Degree of cognitive impairment does not signify early versus late mild cognitive impairment: confirmation based on Alzheimer's disease polygenic risk.

机构信息

Department of Psychiatry, University of California San Diego, La Jolla, CA, USA; Center for Behavior Genetics of Aging, University of California San Diego, La Jolla, CA, USA.

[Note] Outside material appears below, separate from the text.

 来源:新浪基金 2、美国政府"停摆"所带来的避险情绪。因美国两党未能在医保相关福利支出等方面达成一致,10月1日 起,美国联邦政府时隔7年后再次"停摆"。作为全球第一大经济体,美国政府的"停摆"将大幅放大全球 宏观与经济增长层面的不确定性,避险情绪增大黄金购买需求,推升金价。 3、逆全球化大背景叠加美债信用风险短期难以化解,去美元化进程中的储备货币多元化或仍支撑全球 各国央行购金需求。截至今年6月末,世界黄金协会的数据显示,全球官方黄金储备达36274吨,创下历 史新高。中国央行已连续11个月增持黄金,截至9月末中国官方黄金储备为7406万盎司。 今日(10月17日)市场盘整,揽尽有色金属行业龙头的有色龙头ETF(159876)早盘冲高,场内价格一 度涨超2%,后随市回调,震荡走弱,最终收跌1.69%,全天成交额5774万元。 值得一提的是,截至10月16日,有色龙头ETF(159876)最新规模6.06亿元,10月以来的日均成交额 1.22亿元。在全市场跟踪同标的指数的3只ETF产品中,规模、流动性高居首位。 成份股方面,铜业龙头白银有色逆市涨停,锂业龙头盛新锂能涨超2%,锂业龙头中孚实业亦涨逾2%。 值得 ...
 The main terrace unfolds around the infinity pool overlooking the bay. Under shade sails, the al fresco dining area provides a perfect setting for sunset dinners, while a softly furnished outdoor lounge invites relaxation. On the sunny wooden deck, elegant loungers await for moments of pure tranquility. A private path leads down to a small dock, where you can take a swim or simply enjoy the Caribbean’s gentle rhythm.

Institute for Molecular Medicine Finland (FIMM), HiLIFE, University of Helsinki, Helsinki, Finland.

出版信息

Neurobiol Aging. 2020 Oct;94:149-153. doi: 10.1016/j.neurobiolaging.2020.05.015. Epub 2020 Jun 11.

Abstract

Degree of memory impairment is often used to infer early versus late amnestic mild cognitive impairment (aMCI). Previously, 318 Alzheimer's Disease Neuroimaging Initiative participants with aMCI-determined by a single memory test-were divided based on Rey Auditory Verbal Learning Task (AVLT) delayed recall: AVLT-impaired (n = 225) and AVLT-normal (n = 93). Equally consistent with differential progression or differential diagnosis, the AVLT-impaired group had more abnormal Alzheimer's disease (AD) biomarkers, more neurodegeneration over time, and was more likely to develop AD. In the present study, higher AD polygenic risk scores were associated with increased odds of being AVLT-impaired (odds ratio 1.8, p < 0.001). Thus, impairment severity does not necessarily reflect early versus late aMCI because disease progression cannot alter polygenic risk. Presumed early MCI is likely a heterogeneous category that includes excess false-positives. The additional cognitive test improved diagnostic precision by reducing false positives. Impairment severity may reflect differences in underlying disease risk but cannot be used to infer early versus late MCI based on cross-sectional data alone.

摘要

记忆损伤程度常被用于推断早发性和晚发性遗忘型轻度认知障碍(aMCI)。此前,318 名经单一记忆测试确诊为 aMCI 的阿尔茨海默病神经影像学倡议参与者,根据 Rey 听觉言语学习测试(AVLT)的延迟回忆进行分组:AVLT 损伤组(n=225)和 AVLT 正常组(n=93)。同样与进展差异或诊断差异一致的是,AVLT 损伤组有更多异常的阿尔茨海默病(AD)生物标志物,随时间推移有更多神经退行性变,并且更有可能发展为 AD。在本研究中,较高的 AD 多基因风险评分与成为 AVLT 损伤的几率增加相关(优势比 1.8,p<0.001)。因此,损伤严重程度不一定反映早发性和晚发性 aMCI,因为疾病进展不能改变多基因风险。假定的早期 MCI 可能是一个异质类别,其中包括过多的假阳性。额外的认知测试通过减少假阳性提高了诊断精度。损伤严重程度可能反映了潜在疾病风险的差异,但不能仅根据横断面数据推断早发性或晚发性 MCI。